Segment Open

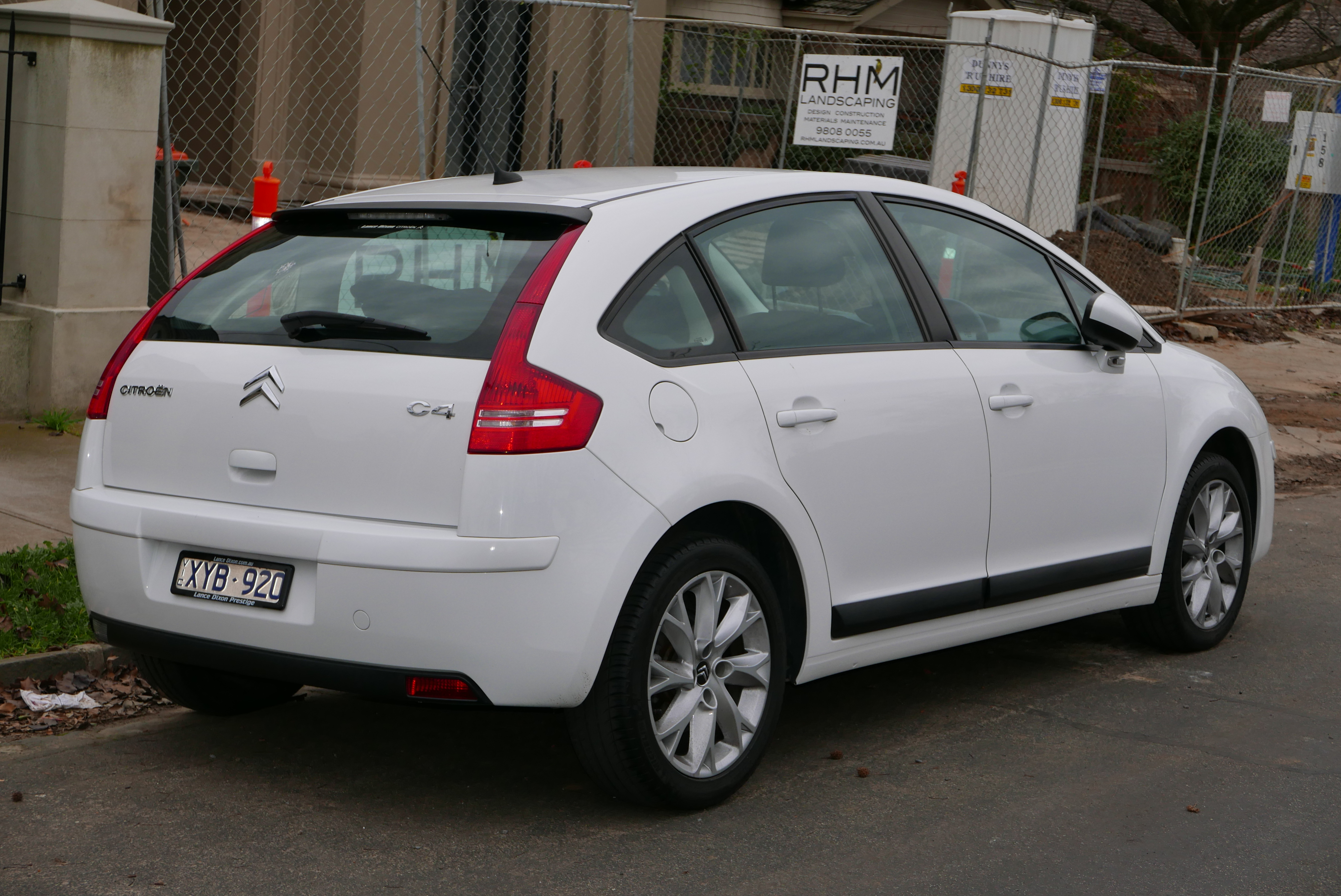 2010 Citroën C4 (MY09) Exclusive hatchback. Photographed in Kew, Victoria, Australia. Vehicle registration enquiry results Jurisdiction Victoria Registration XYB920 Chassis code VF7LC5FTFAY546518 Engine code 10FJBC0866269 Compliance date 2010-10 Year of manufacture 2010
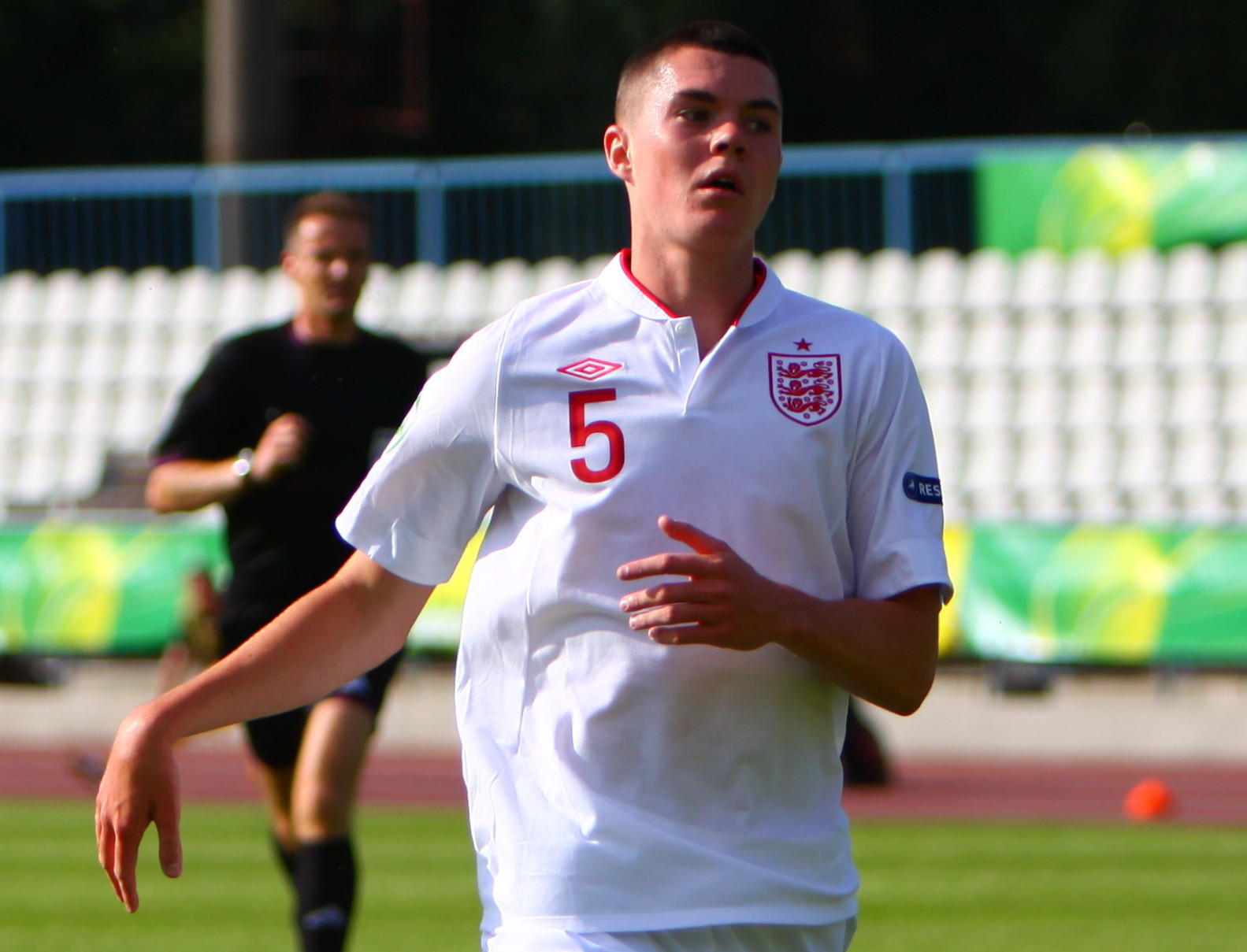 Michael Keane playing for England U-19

Segment Closed
Segment Open

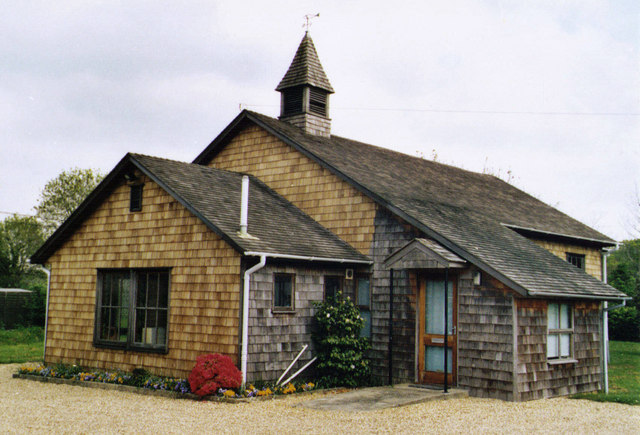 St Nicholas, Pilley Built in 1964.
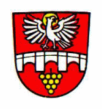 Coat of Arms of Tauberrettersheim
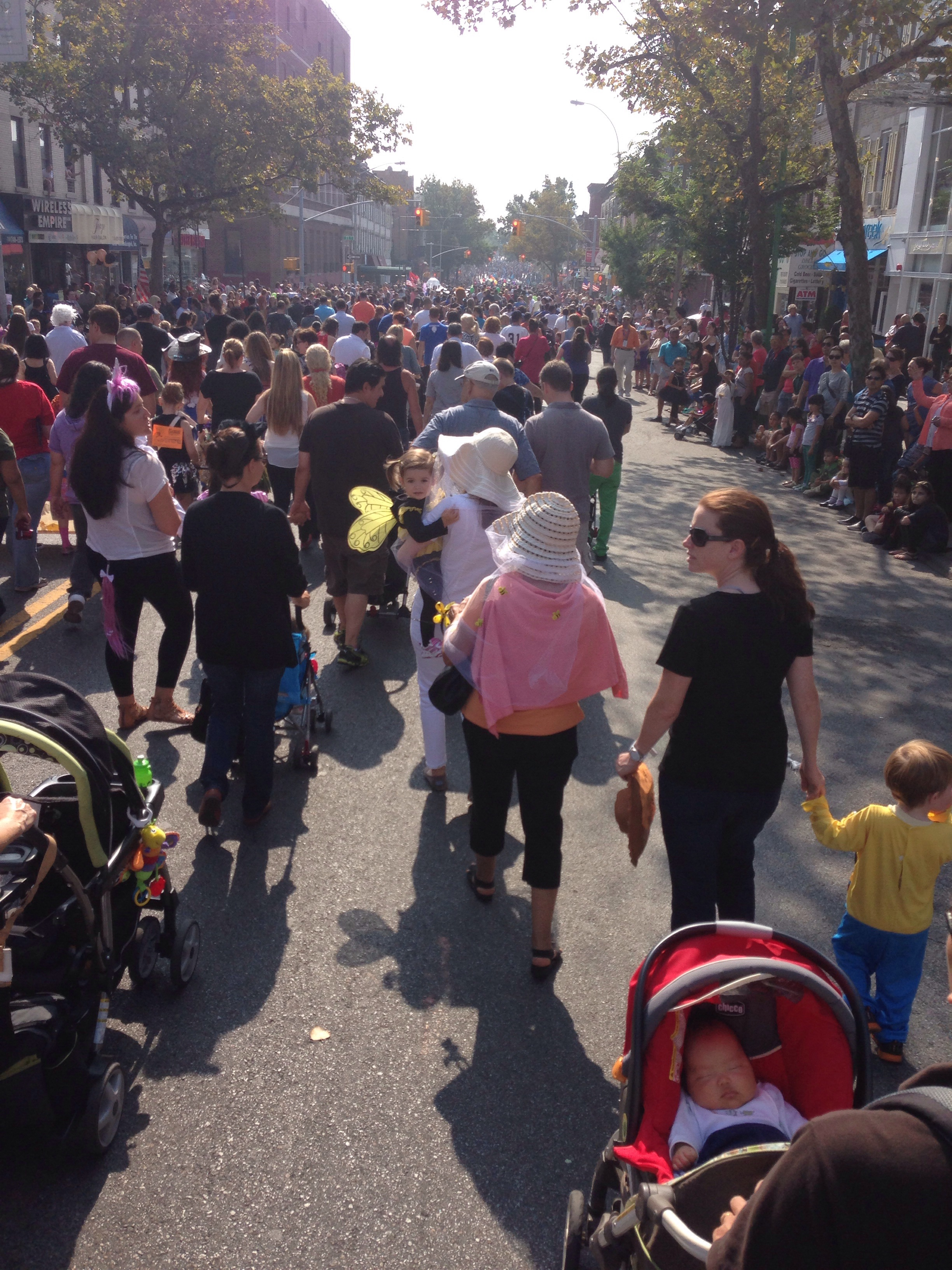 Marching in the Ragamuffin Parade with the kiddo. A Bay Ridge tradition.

Segment Closed

Could you repeat, exactly, only the lines above starting at the one that has "2010 Citroën C4" and stopping after the one that has "Michael Keane playing for England U-19", without the pictures?

 2010 Citroën C4 (MY09) Exclusive hatchback. Photographed in Kew, Victoria, Australia. Vehicle registration enquiry results Jurisdiction Victoria Registration XYB920 Chassis code VF7LC5FTFAY546518 Engine code 10FJBC0866269 Compliance date 2010-10 Year of manufacture 2010
 Michael Keane playing for England U-19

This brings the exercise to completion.